[The data Boundary: Start]

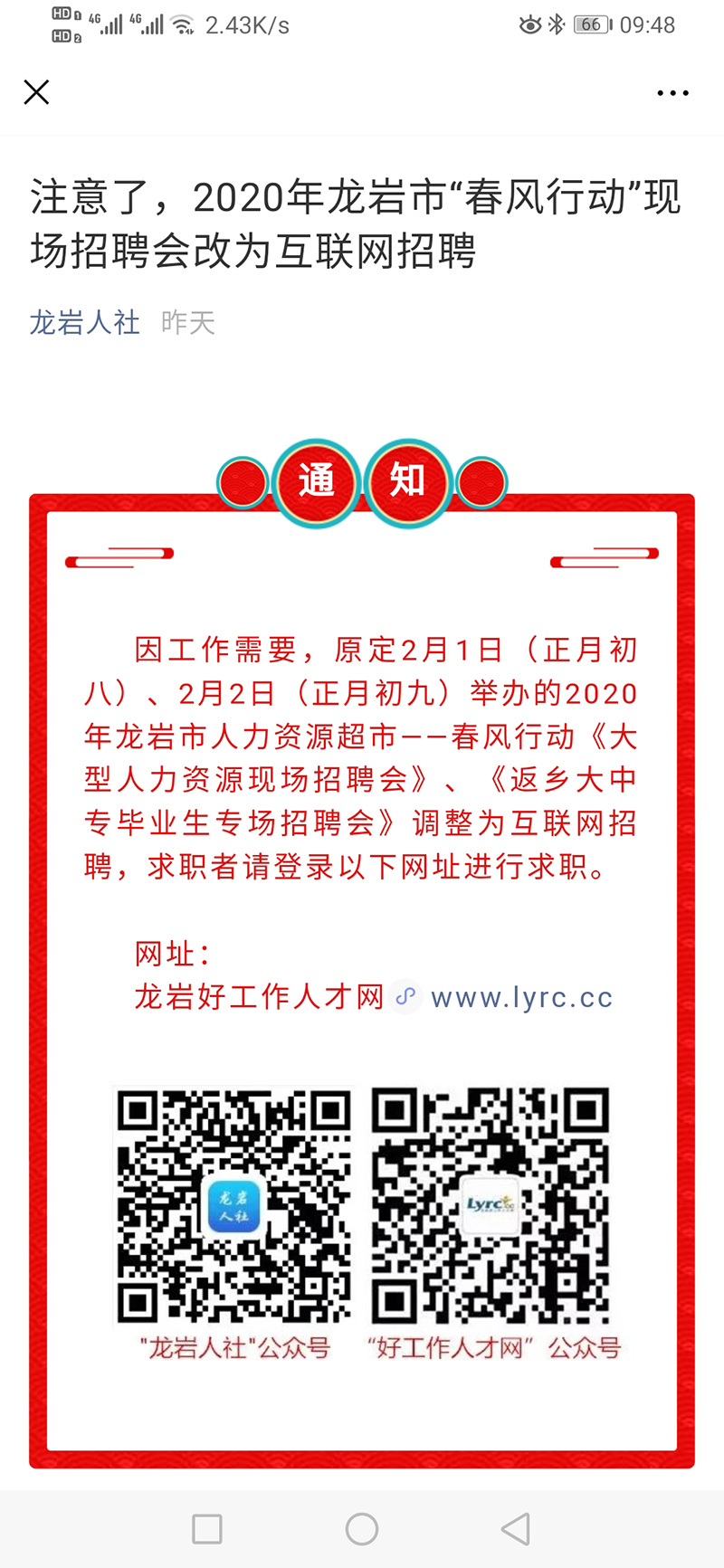 注意了,2020年龍巖市“春風(fēng)行動(dòng)”現(xiàn)場招聘會(huì)改為網(wǎng)絡(luò)招聘會(huì)
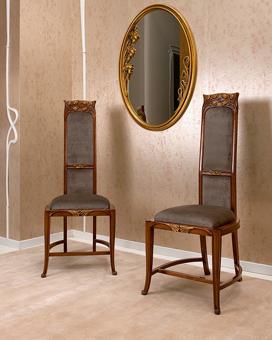 The Liberty chair from the Italian manufacturer Medea. The model without armrests, with a high narrow back. The frame is made from wood and decorated with carved decoration and gilding. The upholstery is made of textile fabric grey or catalog company.
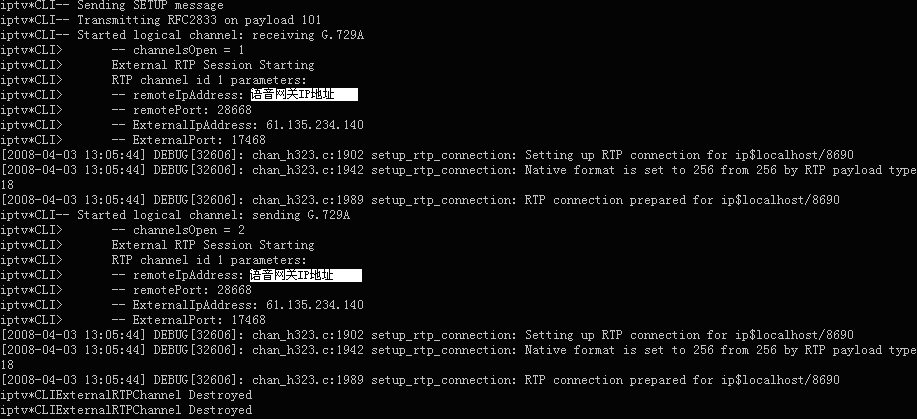 表示軟交換Asterisk與華為8010語音網(wǎng)關(guān)的H323連接在此釋放
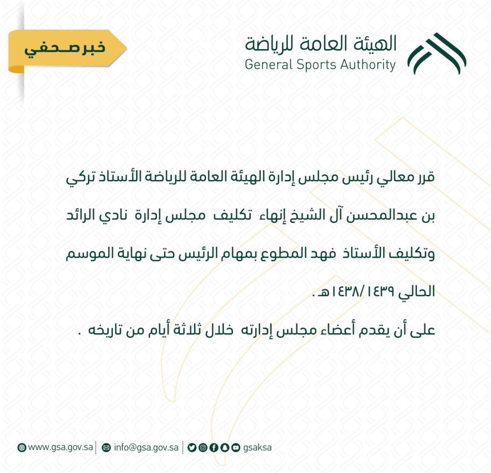 قرر رئيس مجلس إدارة الهيئة العامة للرياضة تركي بن عبدالمحسن آل الشيخ إنهاء تكليف مجلس إدارة نادي الرائد وتكليف فهد المطوع بمهمات الرئيس حتى نهاية الموسم الحالي 1439/1438هـ، على أن يقدم أعضاء مجلس إدارته خلال ثلاثة أيام من تاريخه.

[The data Boundary: End]

> **Required work**:
An exact transcript is required, covering the lines from the one containing "The Liberty chair" through the end of the listing above, inclusive, without pictures.

> **The answer**:
 The Liberty chair from the Italian manufacturer Medea. The model without armrests, with a high narrow back. The frame is made from wood and decorated with carved decoration and gilding. The upholstery is made of textile fabric grey or catalog company.
 表示軟交換Asterisk與華為8010語音網(wǎng)關(guān)的H323連接在此釋放
 قرر رئيس مجلس إدارة الهيئة العامة للرياضة تركي بن عبدالمحسن آل الشيخ إنهاء تكليف مجلس إدارة نادي الرائد وتكليف فهد المطوع بمهمات الرئيس حتى نهاية الموسم الحالي 1439/1438هـ، على أن يقدم أعضاء مجلس إدارته خلال ثلاثة أيام من تاريخه.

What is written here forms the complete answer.